Section 509 of the Communications Decency Privacy Act of 1996, Pub.L. No. 104-104, 110 Stat. 137-39 (codified at 47 U.S.C. § 230), provides in relevant part: “No provider ... of an interactive computer service shall be treated as the publisher or speaker of any information provided by another information content provider.” 47 U.S.C. § 230(c)(1). The principal issue in this case is whether America Online acted ■ as an information content provider outside the scope of § 230 immunity when it provided access to allegedly inaccurate information regarding Ben Ezra, Weinstein, and Company’s publicly traded stock. We hold that America Online acted solely as an interactive computer service provider and therefore is immune from suit under § 230.

I.

Defendant America Online Incorporated operates a large interactive computer service, through which millions of subscribers can access various information and information services, including the Internet. Through its Quotes & Portfolios service area, Defendant publishes continuously updated stock quotation information concerning more than 40,000 publicly traded stocks and securities. The stock quotation information includes data about the market price for specific stocks and the volume of shares traded in the current or previous trading day. Two independent third parties-S & P ComStock, Inc., a stock quote provider, and Townsend Analytics, Ltd., a software provider designated by Com-Stoek-jointly provide this information to Defendant. The original sources for this information are major national and international stock exchanges and stock markets, including the New York Stock Exchange, the American Stock Exchange, and the Over-the-Counter market.
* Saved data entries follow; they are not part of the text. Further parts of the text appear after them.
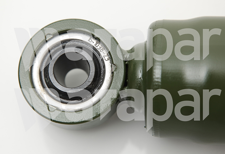 A damper, either frictional or hydraulic, designed to dampen the shock of suddenly applied force and/or to control spring rebound and oscillation, usually attached to the vehicle frame, body or hull and connected to an axle, spring, spring support web or pad or between suspension arms of track-laying vehicles. See also MOUNT, RESILIENT and SHOCK ABSORBER, LEVER ACTION.
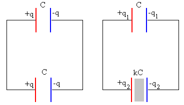 Condensadores en paraleloSupongamos que tenemos dos condensadores iguales cargados con la misma carga q, en paralelo. Si introducimos un dieléctrico de constante dieléctrica k en uno de los condensadores. La capacidad del condensador con dieléctrico aumenta, la diferencia de potencial entre sus placas disminuye. Al unir las placas del mismo signo de los dos condensadores, la carga se repartirá hasta que se igualen de nuevo sus potenciales La analogía hidráulica se muestra en la figura inferior 2q=q1+q2
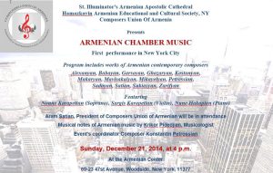 Դեկտեմբերի 21-ին Նյու Յորքի Սբ․Գրիգոր Լուսավորիչ Մայր եկեղեցում տեղի ունեցավ դասական երաժշտության համերգ։ Օրվա հանդիսավարն [...]

Plaintiff Ben Ezra, Weinstein, and Company, an Albuquerque-based, publicly owned company, designs and manufactures corporate finance computer software. In March 1997, Plaintiff filed an action in New Mexico state court against Defendant asserting state law claims for defamation and negligence. In its complaint, Plaintiff sought both damages and injunctive relief. Plaintiff alleged that on three occasions Defendant published incorrect information concerning Plaintiffs stock price and share volume. Plaintiff claimed Defendant defamed Plaintiff by publishing the allegedly inaccurate information. Plaintiff also claimed Defendant failed to exercise reasonable care in the manipulation, alteration, and change of the stock information.
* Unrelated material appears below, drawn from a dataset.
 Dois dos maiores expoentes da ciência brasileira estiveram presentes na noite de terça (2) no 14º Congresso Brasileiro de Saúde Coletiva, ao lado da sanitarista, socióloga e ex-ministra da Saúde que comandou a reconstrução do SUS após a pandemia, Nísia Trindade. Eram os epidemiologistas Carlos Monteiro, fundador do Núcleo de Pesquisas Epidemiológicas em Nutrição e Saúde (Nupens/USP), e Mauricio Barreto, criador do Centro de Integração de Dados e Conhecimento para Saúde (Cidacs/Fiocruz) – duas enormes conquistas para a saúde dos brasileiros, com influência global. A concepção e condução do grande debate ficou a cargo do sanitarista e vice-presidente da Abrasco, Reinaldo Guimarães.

Defendant removed the action to federal court on the basis of diversity of citizenship. See 28 U.S.C. §§ 1332 & 1441. After answering Plaintiffs amended complaint, Defendant moved for summary judgment on the ground that the Communications Decency Act, 47 U.S.C. § 230, provided Defendant with immunity from Plaintiffs suit. See Fed.R.Civ.P. 56. Defendant also filed a motion to stay discovery pending resolution of its summary judgment motion. Plaintiff filed a cross-motion for summary judgment.
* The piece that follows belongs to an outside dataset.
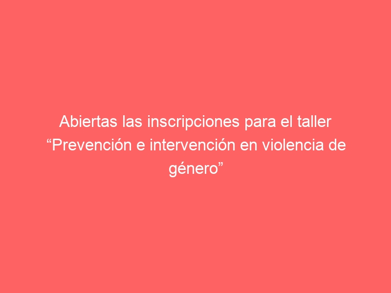 Abiertas las inscripciones para el taller “Prevención e intervención en violencia de género”

Plaintiff also filed a motion pursuant to Fed.R.Civ.P. 56(f) seeking authorization to conduct discovery. 1 A magistrate judge granted Plaintiff a continuance and permitted it to inquire into five factual topics relating to whether Defendant qualified for § 230 immunity. 2 The magistrate judge *984 allowed Plaintiff to serve twenty-five interrogatories and take four depositions on those five topics. After conducting discovery pursuant to the magistrate judge’s order, Plaintiff sought permission to conduct additional discovery. The magistrate judge denied the motion, finding that Plaintiffs request exceeded the originally authorized discovery and that Plaintiff failed to demonstrate the previously authorized depositions or written discovery were insufficient to respond to Defendant’s summary judgment motion. Plaintiff appealed the magistrate judge’s order to the district court. Plaintiff also moved for leave to amend its complaint to join ComStock and Townsend as defendants to its action. Finally, Plaintiff moved to stay proceedings against Defendant to allow it to take discovery from ComStock and Townsend.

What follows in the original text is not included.